▶ [Task description]:
Exactly as they stand, repeat the lines from the one containing "Nineteen Matchbox Lesney" through the final line of the listing, both ends included, and nothing else; skip the pictures.

▶ [Data below]:
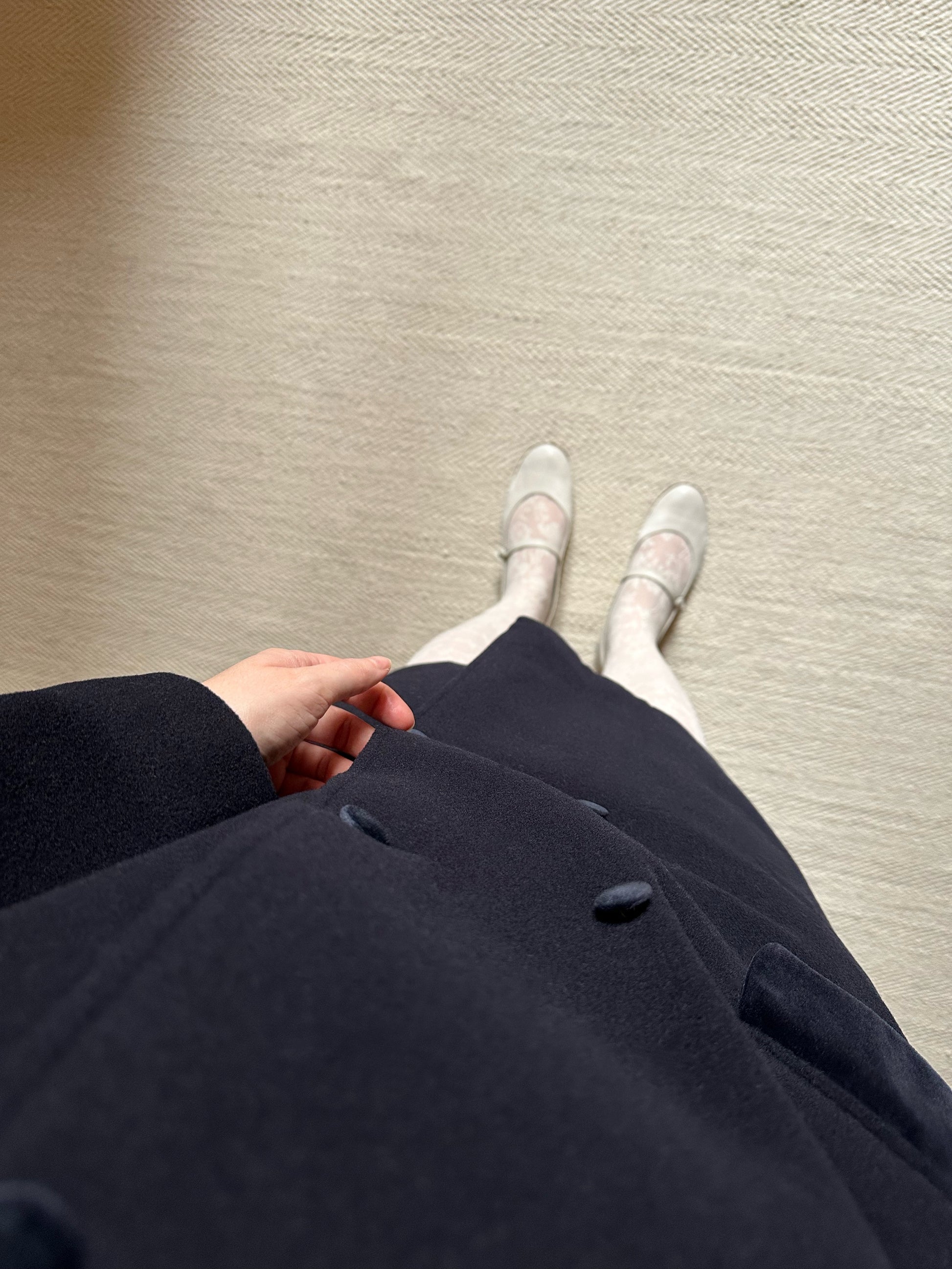 The label with the composition has washed out and it is not possible to read it but from the texture and warmth of the fabric we can safely assume it is pure new wool while the collar and buttons are cotton velvet.
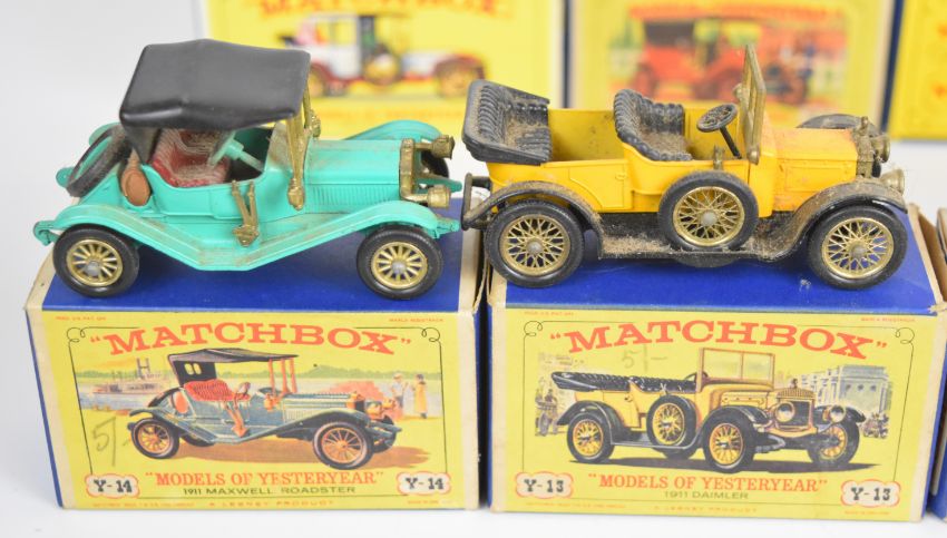 Nineteen Matchbox Lesney diecast Models of Yesteryear comprising numbers Y1-Y16 with duplicates, in original boxes.
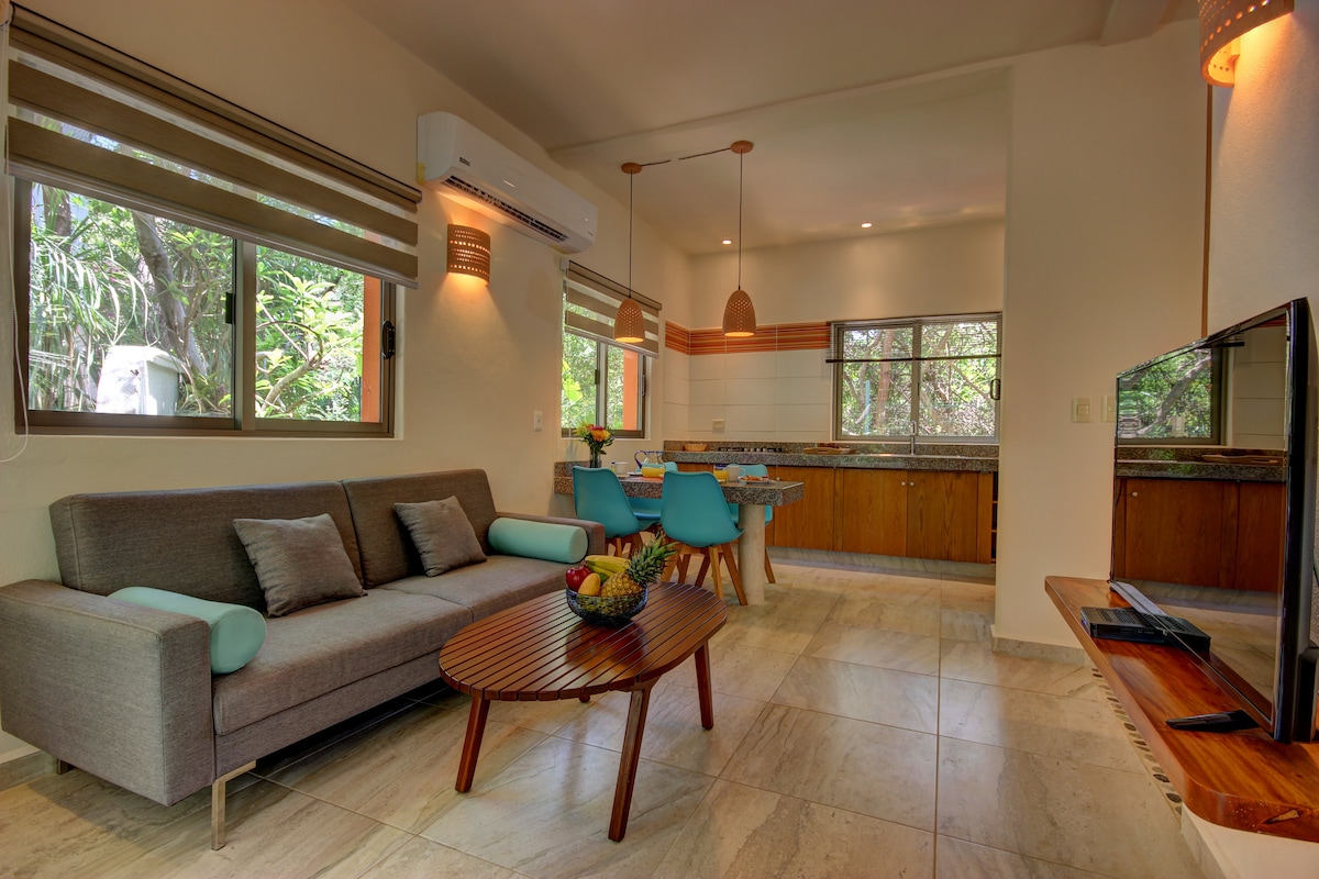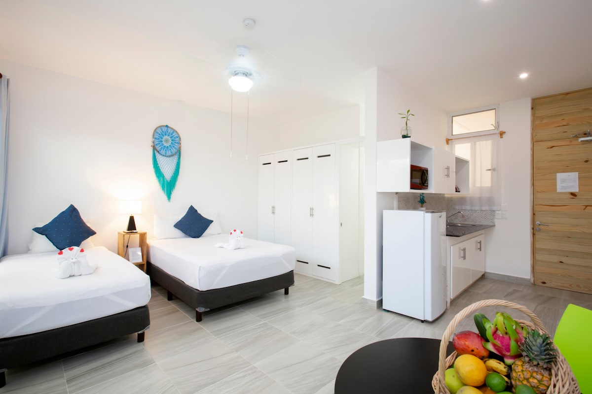 Studio suite in quiet area of Playa del Carmen for 4 guests, with one king bed and 2 singles (can be made up as 4 singles if you prefer) kitchenette, seating area, air conditioning, wifi, dvd player, daily basic cleaning, tours available and more!

▶ [Expected answer]:
 Nineteen Matchbox Lesney diecast Models of Yesteryear comprising numbers Y1-Y16 with duplicates, in original boxes.
 Studio suite in quiet area of Playa del Carmen for 4 guests, with one king bed and 2 singles (can be made up as 4 singles if you prefer) kitchenette, seating area, air conditioning, wifi, dvd player, daily basic cleaning, tours available and more!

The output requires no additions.